*What is required*: Transcribe the records below exactly as they appear, omitting any pictures.
***** Dataset extract *****
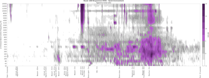 A A A Performance and Acceptability of the TfL Urban Bus Sound (AVAS) Eduardo Manzano Fontecha 1 Anderson Acoustics Grant Lewis Waters 2 Anderson Acoustics Thomasin Stuart 3 AECOM ABSTRACT Transport for London's quiet-running bus fleet is required to include an Acoustic Vehicle Alerting System (AVAS) compliant with UNECE Regulation 138 and as part of a wider series of safety measures as set out in their Bus Safety Standard towards the London Mayor's 'Vision Zero' objectives. As a public body, TfL must ensure that the Urban Bus Sound AVAS implementation is fit-for-purpose from a safety standpoint, is considerate of driver working conditions and is consistently implemented across a number of vehicle types, manufacturers and fleet operators. Additionally, as quiet-running vehicles increase across the London bus network, it must consider the impact on the urban soundscape. Over the course of two years, Phase 2 of the project addressed practical implementation and quality assurance challenges, bringing together soundscape and acoustic testing, on-street public and key stakeholder surveys, workshops with multiple vehicle manufacturers and operators as well as engagement with bus drivers. The project concludes by providing an optimised AVAS solution with specification and vehicle checks documentation to ensure successful roll-out. The project provides an important view on considerations for how AVAS can be implemented on public transport vehicle fleets, including the need to consider and work with a wide range of public and stakeholder requirements. 1. INTRODUCTION Anderson Acoustics, AECOM and Zelig Sound were commissioned by Transport for London (TfL) to undertake works as part of the Acoustic Vehicle Alerting System (AVAS) Phase 2 project. The project works were separated into Lots A, B and C with AECOM commissioned to undertake Lot A (Engagement), Anderson Acoustics commissioned to undertake Lot B (Sound) and Zelig Sound commissioned to undertake Lot C (Sound Design). 1 eduardo@andersonacoustics.co.uk 2 grant@andersonacoustics.co.uk 3 thomasin.stuart@aecom.com sla ‘inter.n 21-24 AUGUST SCOTTISH EVENT CAMPUS ? O? ? GLASGOW 2. BACKGROUND To align with the London Mayor’s Vision Zero objectives, TfL created the Bus Safety Standard to establish a plan for implementing a range of safety measures to the bus fleet, which included a target of ‘Acoustic Conspicuity’ [1, 2]. Acoustic Conspicuity in relation to bus vehicles is the ability for road users to be aware of the presence and operation of a vehicle to sufficiently avoid risk of collision. TRL were commissioned to investigate the practical measures to achieve acoustic conspicuity for quiet-running bus vehicles, such as Electric Vehicles (EVs), Hybrid Electric Vehicles (HEVs) or Hydrogen vehicles, and their 2018 report concluded that the implementation of an AVAS was required for quiet-running vehicles [3]. Phase 1 of the project was commissioned by TfL to create a suitable Urban Bus Sound, aimed at providing a universal AVAS sound for implementation across the Greater London region, as well as to be implemented as a universal bus sound for quiet-running vehicles worldwide. The priority of this phase was to create a sound that met the UN ECE Regulation 138 performance requirements and ensured that the needs of Vulnerable Road Users (VRUs) and the bus drivers were met through extensive stakeholder engagement and involvement with the design and testing process [4]. The conclusions of Phase 1 were the selection of a final Urban Bus Sound, a successful compliance test with Regulation 138, and a trial vehicle implementation on the Route 100 fleet. A particular innovation of the Urban Bus Sound was that it comprises two sound elements, layered together, the Core sound and the Beacon sound. The Core is a broadband sound that is played continuously when the vehicle is turned on (whether it is stationary or moving) and the Beacon is a soft impulsive element or ‘ping’ that plays when the vehicle is in motion. The Beacon element was developed as a direct response to vision impairment group engagement and collaboration. 3. PHASE 2 OBJECTIVES The overarching purpose of the Phase 2 works was to finalise an operational performance standard of the AVAS and implement measures that will ensure its consistency and acceptability as it is rolled-out across the TfL bus fleet. The steps taken to achieve this were the implementation of a Responsive AVAS that adapts the sound output level to respond to the ambient sound level of the vehicle’s location, the confirmation of acoustic conspicuity performance in various environments, the assessment of acceptability of AVAS sound ingress into the driver’s cabin and the revision of the AVAS performance specification and vehicle checks documentation to support manufacturers and operators to maintain optimal AVAS performance across the TfL bus fleet. 4. WORK PACKAGE 1: RESPONSIVE AVAS INTEGRATION The concept of a Responsive AVAS was first discussed in the TRL report as a method to both support the optimisation of the sound output level of the AVAS to ensure acoustic conspicuity whilst reducing noise pollution impacts [3]. Due to concerns with variability and robustness of microphone-based approaches, it was proposed to implement a Responsive AVAS using city-wide noise modelling data combined with other geospatial datasets on street type and classification as part of the GPS used for the Intelligent Speed Assistance (ISA) provided by Actia. ISA is geospatial mapping system that automatically limits the speed of a vehicle based on a road’s speed limit. Anderson Acoustics worked in partnership with sub-contractor Tranquil City, an environmental data company, to deliver suitable geospatial datasets for the implementation of the Responsive AVAS via the Actia ISA system. sla ‘inter.n 21-24 AUGUST SCOTTISH EVENT CAMPUS ? O? ? GLASGOW The UK Department for Environment, Food and Rural Affairs (Defra) Strategic Noise M
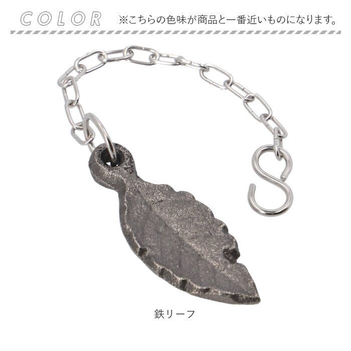 ・S字フックとチェーンが付いているから、鍋などの持ち手に掛けながら鉄リーフを入れることが可能。チェーンを使えば取り出しもスムーズ。(※チェーンを取り付けることができない場合は、直接鉄リーフを入れてください。)
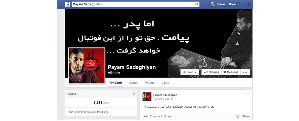 شهدای ایران ، در حالی که کمتر از 14 ساعت از ابلاغ حکم جنجالی پیام صادقیان می گذرد این بازیکن در صفحه فیسبوک خود این مطلب را قرار داد: تف به آدمایی که میخوان فوتبالمو خراب کنن. تف!!!!!
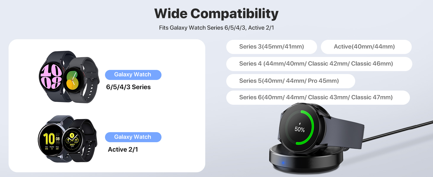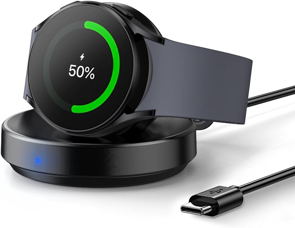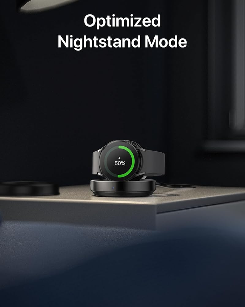 ✅ 𝐒𝐭𝐞𝐚𝐝𝐲 𝐚𝐧𝐝 𝐑𝐞𝐥𝐢𝐚𝐛𝐥𝐞 𝐂𝐡𝐚𝐫𝐠𝐢𝐧𝐠: استفد من قوة شحن Samsung Watch دون قلق من ارتفاع درجة الحرارة. يضمن شاحن الساعة اللاسلكي هذا الخاص بشركة سامسونج تشغيل ساعتك بنفس سرعة الشاحن الأصلي، مما يبقيها جاهزة لمغامرتك القادمة.
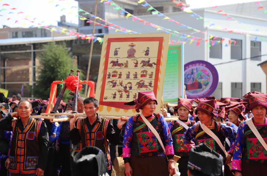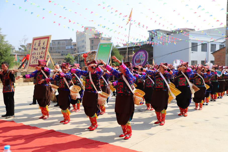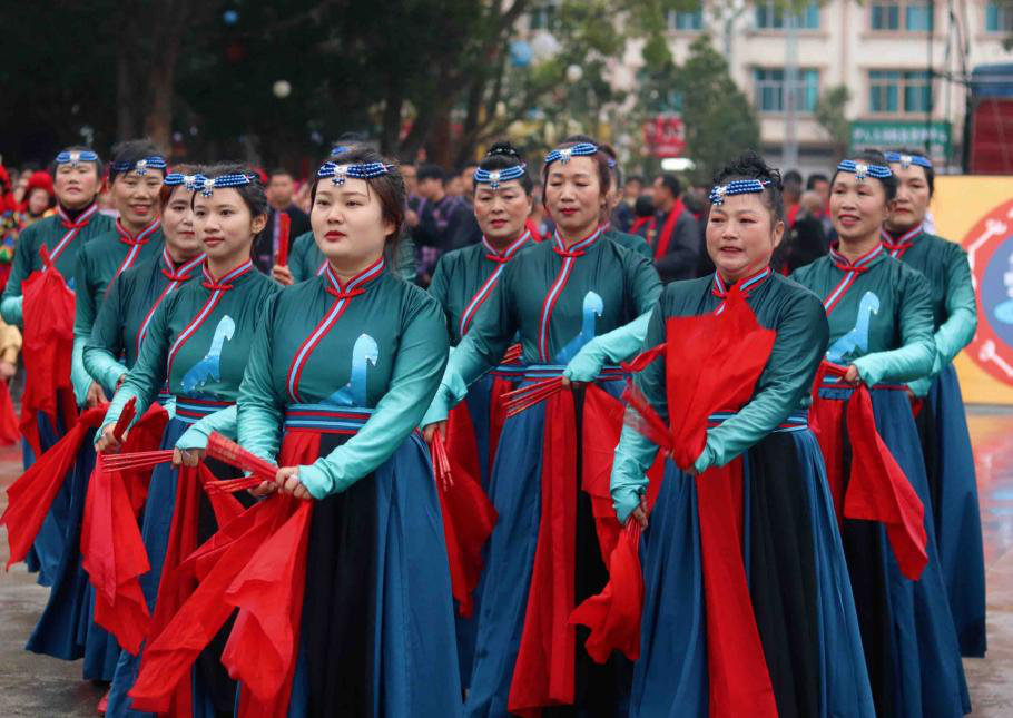 由红甸乡回族、苗族、彝族、傣族、壮族、汉族等群众组成的方队,结合本民族特色沿街进行展演,舞狮、跳芦笙、彩绘牛等让观众看得目不转睛。
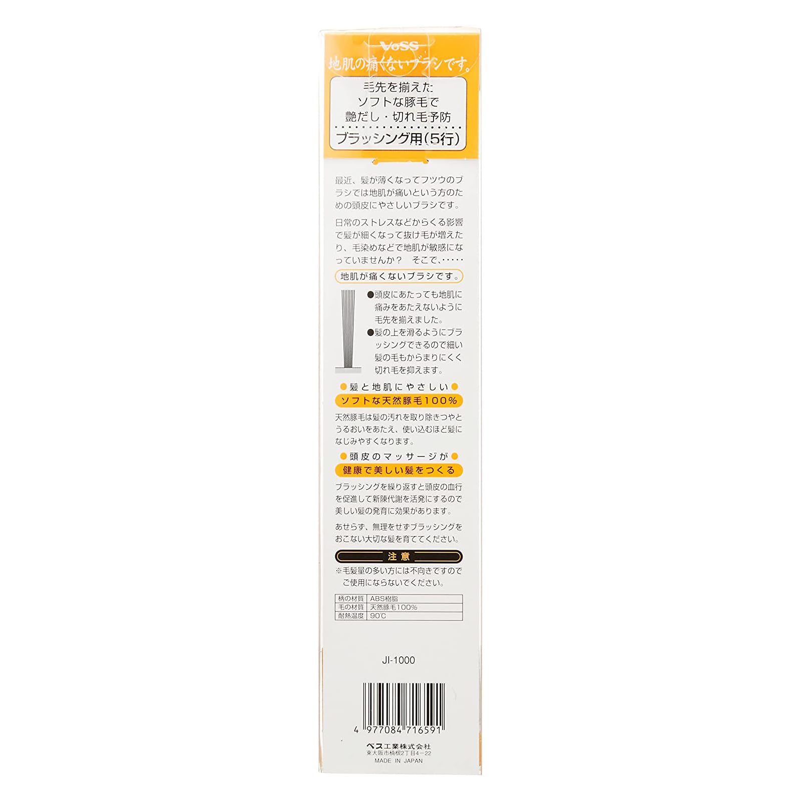 【特価処分】ベス 天然豚毛100% ヘアブラシ (ブラッシング用5行) ブラウン 1 本
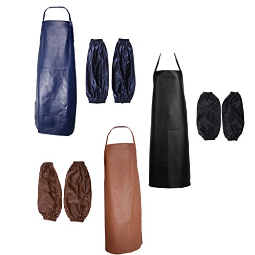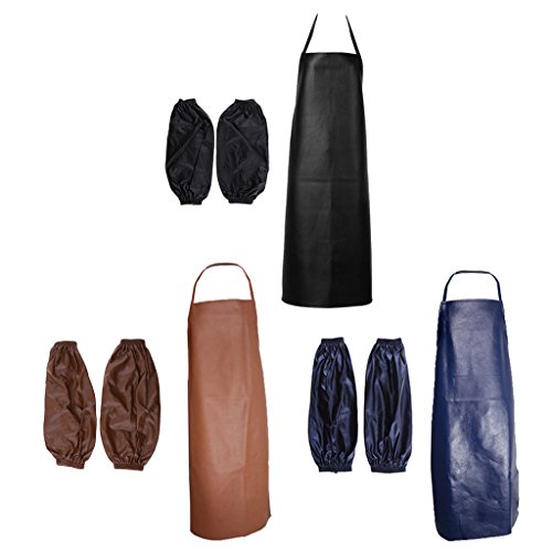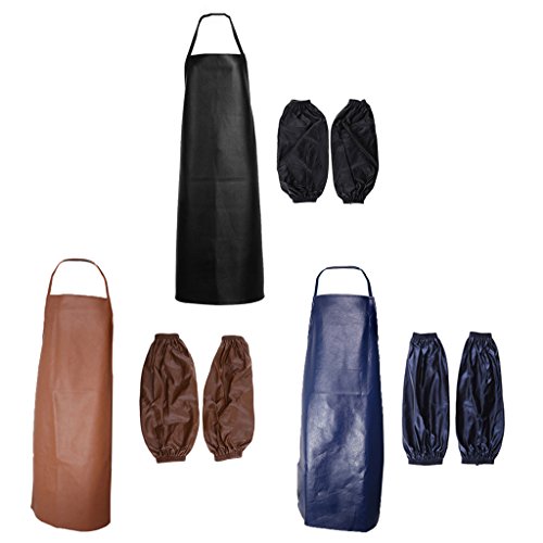Fenteer 3点 9点入り 防水 PU エプロン ホーム キッチン 調理 エプロンドレス と 袖 カフ
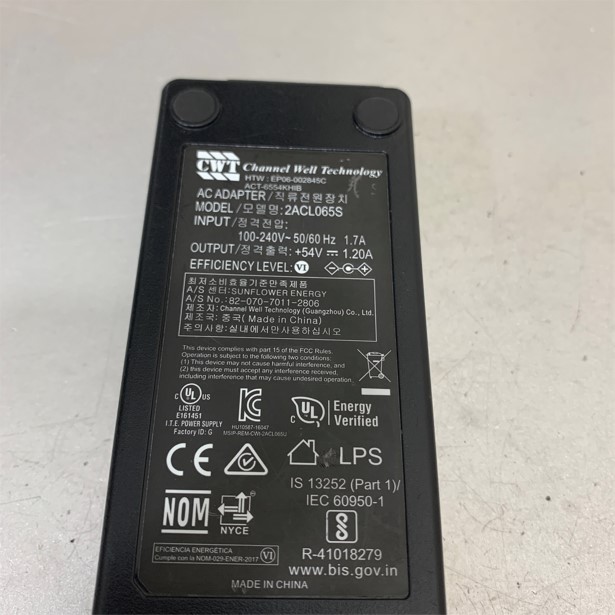 Adapter 54V 1.2A 65W CWT Channel Well 2ACL065S Connector Size 5.5mm x 2.5mm
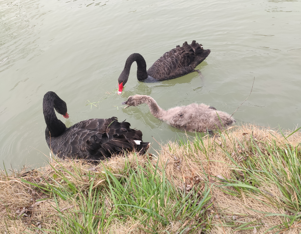 瘦西湖有很多黑天鹅、绿头鸭,游客拔草喂,它们也吃,都是野生的,在扬州过冬。
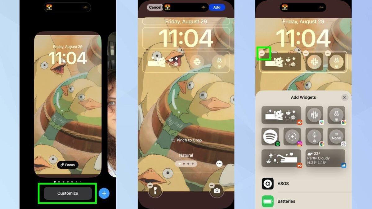 Nếu bạn muốn giữ hình nền hiện tại nhưng xóa widget, hãy nhấn và giữ màn hình khóa, sau đó chạm vào Tùy chỉnh, chọn Màn hình Khóa, chạm vào khu vực widget, và nhấn nút dấu trừ (-) trên mỗi widget để xóa chúng.
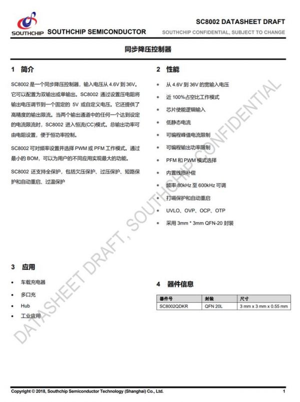 芯片内置包括欠压保护、过压保护、短路保护等全面完善的保护功能。SC8002采用QFN3*3-20封装,可用于车充,多口充电器,USB HUB等应用。
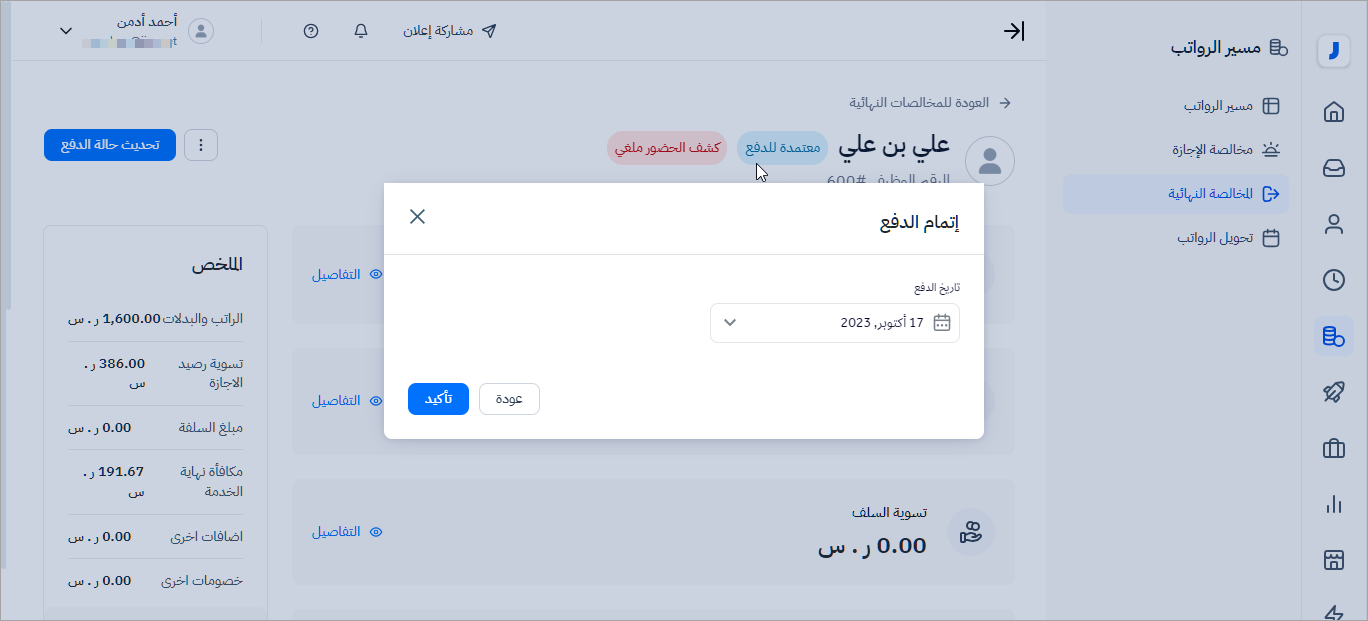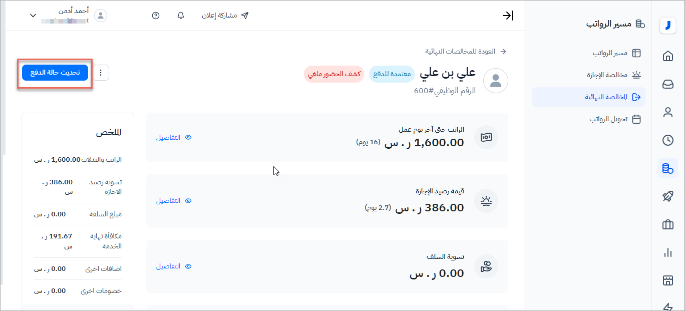 - قم بالذهاب إلى التبويب الخاص بالمخالصة النهائية >> البحث عن الموظف المطلوب وعرض المخالصة ( من خلال النقر على عرض التفاصيل ).
*****
*Problem solution*:
 A A A Performance and Acceptability of the TfL Urban Bus Sound (AVAS) Eduardo Manzano Fontecha 1 Anderson Acoustics Grant Lewis Waters 2 Anderson Acoustics Thomasin Stuart 3 AECOM ABSTRACT Transport for London's quiet-running bus fleet is required to include an Acoustic Vehicle Alerting System (AVAS) compliant with UNECE Regulation 138 and as part of a wider series of safety measures as set out in their Bus Safety Standard towards the London Mayor's 'Vision Zero' objectives. As a public body, TfL must ensure that the Urban Bus Sound AVAS implementation is fit-for-purpose from a safety standpoint, is considerate of driver working conditions and is consistently implemented across a number of vehicle types, manufacturers and fleet operators. Additionally, as quiet-running vehicles increase across the London bus network, it must consider the impact on the urban soundscape. Over the course of two years, Phase 2 of the project addressed practical implementation and quality assurance challenges, bringing together soundscape and acoustic testing, on-street public and key stakeholder surveys, workshops with multiple vehicle manufacturers and operators as well as engagement with bus drivers. The project concludes by providing an optimised AVAS solution with specification and vehicle checks documentation to ensure successful roll-out. The project provides an important view on considerations for how AVAS can be implemented on public transport vehicle fleets, including the need to consider and work with a wide range of public and stakeholder requirements. 1. INTRODUCTION Anderson Acoustics, AECOM and Zelig Sound were commissioned by Transport for London (TfL) to undertake works as part of the Acoustic Vehicle Alerting System (AVAS) Phase 2 project. The project works were separated into Lots A, B and C with AECOM commissioned to undertake Lot A (Engagement), Anderson Acoustics commissioned to undertake Lot B (Sound) and Zelig Sound commissioned to undertake Lot C (Sound Design). 1 eduardo@andersonacoustics.co.uk 2 grant@andersonacoustics.co.uk 3 thomasin.stuart@aecom.com sla ‘inter.n 21-24 AUGUST SCOTTISH EVENT CAMPUS ? O? ? GLASGOW 2. BACKGROUND To align with the London Mayor’s Vision Zero objectives, TfL created the Bus Safety Standard to establish a plan for implementing a range of safety measures to the bus fleet, which included a target of ‘Acoustic Conspicuity’ [1, 2]. Acoustic Conspicuity in relation to bus vehicles is the ability for road users to be aware of the presence and operation of a vehicle to sufficiently avoid risk of collision. TRL were commissioned to investigate the practical measures to achieve acoustic conspicuity for quiet-running bus vehicles, such as Electric Vehicles (EVs), Hybrid Electric Vehicles (HEVs) or Hydrogen vehicles, and their 2018 report concluded that the implementation of an AVAS was required for quiet-running vehicles [3]. Phase 1 of the project was commissioned by TfL to create a suitable Urban Bus Sound, aimed at providing a universal AVAS sound for implementation across the Greater London region, as well as to be implemented as a universal bus sound for quiet-running vehicles worldwide. The priority of this phase was to create a sound that met the UN ECE Regulation 138 performance requirements and ensured that the needs of Vulnerable Road Users (VRUs) and the bus drivers were met through extensive stakeholder engagement and involvement with the design and testing process [4]. The conclusions of Phase 1 were the selection of a final Urban Bus Sound, a successful compliance test with Regulation 138, and a trial vehicle implementation on the Route 100 fleet. A particular innovation of the Urban Bus Sound was that it comprises two sound elements, layered together, the Core sound and the Beacon sound. The Core is a broadband sound that is played continuously when the vehicle is turned on (whether it is stationary or moving) and the Beacon is a soft impulsive element or ‘ping’ that plays when the vehicle is in motion. The Beacon element was developed as a direct response to vision impairment group engagement and collaboration. 3. PHASE 2 OBJECTIVES The overarching purpose of the Phase 2 works was to finalise an operational performance standard of the AVAS and implement measures that will ensure its consistency and acceptability as it is rolled-out across the TfL bus fleet. The steps taken to achieve this were the implementation of a Responsive AVAS that adapts the sound output level to respond to the ambient sound level of the vehicle’s location, the confirmation of acoustic conspicuity performance in various environments, the assessment of acceptability of AVAS sound ingress into the driver’s cabin and the revision of the AVAS performance specification and vehicle checks documentation to support manufacturers and operators to maintain optimal AVAS performance across the TfL bus fleet. 4. WORK PACKAGE 1: RESPONSIVE AVAS INTEGRATION The concept of a Responsive AVAS was first discussed in the TRL report as a method to both support the optimisation of the sound output level of the AVAS to ensure acoustic conspicuity whilst reducing noise pollution impacts [3]. Due to concerns with variability and robustness of microphone-based approaches, it was proposed to implement a Responsive AVAS using city-wide noise modelling data combined with other geospatial datasets on street type and classification as part of the GPS used for the Intelligent Speed Assistance (ISA) provided by Actia. ISA is geospatial mapping system that automatically limits the speed of a vehicle based on a road’s speed limit. Anderson Acoustics worked in partnership with sub-contractor Tranquil City, an environmental data company, to deliver suitable geospatial datasets for the implementation of the Responsive AVAS via the Actia ISA system. sla ‘inter.n 21-24 AUGUST SCOTTISH EVENT CAMPUS ? O? ? GLASGOW The UK Department for Environment, Food and Rural Affairs (Defra) Strategic Noise M
 ・S字フックとチェーンが付いているから、鍋などの持ち手に掛けながら鉄リーフを入れることが可能。チェーンを使えば取り出しもスムーズ。(※チェーンを取り付けることができない場合は、直接鉄リーフを入れてください。)
 شهدای ایران ، در حالی که کمتر از 14 ساعت از ابلاغ حکم جنجالی پیام صادقیان می گذرد این بازیکن در صفحه فیسبوک خود این مطلب را قرار داد: تف به آدمایی که میخوان فوتبالمو خراب کنن. تف!!!!!
 ✅ 𝐒𝐭𝐞𝐚𝐝𝐲 𝐚𝐧𝐝 𝐑𝐞𝐥𝐢𝐚𝐛𝐥𝐞 𝐂𝐡𝐚𝐫𝐠𝐢𝐧𝐠: استفد من قوة شحن Samsung Watch دون قلق من ارتفاع درجة الحرارة. يضمن شاحن الساعة اللاسلكي هذا الخاص بشركة سامسونج تشغيل ساعتك بنفس سرعة الشاحن الأصلي، مما يبقيها جاهزة لمغامرتك القادمة.
 由红甸乡回族、苗族、彝族、傣族、壮族、汉族等群众组成的方队,结合本民族特色沿街进行展演,舞狮、跳芦笙、彩绘牛等让观众看得目不转睛。
 【特価処分】ベス 天然豚毛100% ヘアブラシ (ブラッシング用5行) ブラウン 1 本
Fenteer 3点 9点入り 防水 PU エプロン ホーム キッチン 調理 エプロンドレス と 袖 カフ
 Adapter 54V 1.2A 65W CWT Channel Well 2ACL065S Connector Size 5.5mm x 2.5mm
 瘦西湖有很多黑天鹅、绿头鸭,游客拔草喂,它们也吃,都是野生的,在扬州过冬。
 Nếu bạn muốn giữ hình nền hiện tại nhưng xóa widget, hãy nhấn và giữ màn hình khóa, sau đó chạm vào Tùy chỉnh, chọn Màn hình Khóa, chạm vào khu vực widget, và nhấn nút dấu trừ (-) trên mỗi widget để xóa chúng.
 芯片内置包括欠压保护、过压保护、短路保护等全面完善的保护功能。SC8002采用QFN3*3-20封装,可用于车充,多口充电器,USB HUB等应用。
 - قم بالذهاب إلى التبويب الخاص بالمخالصة النهائية >> البحث عن الموظف المطلوب وعرض المخالصة ( من خلال النقر على عرض التفاصيل ).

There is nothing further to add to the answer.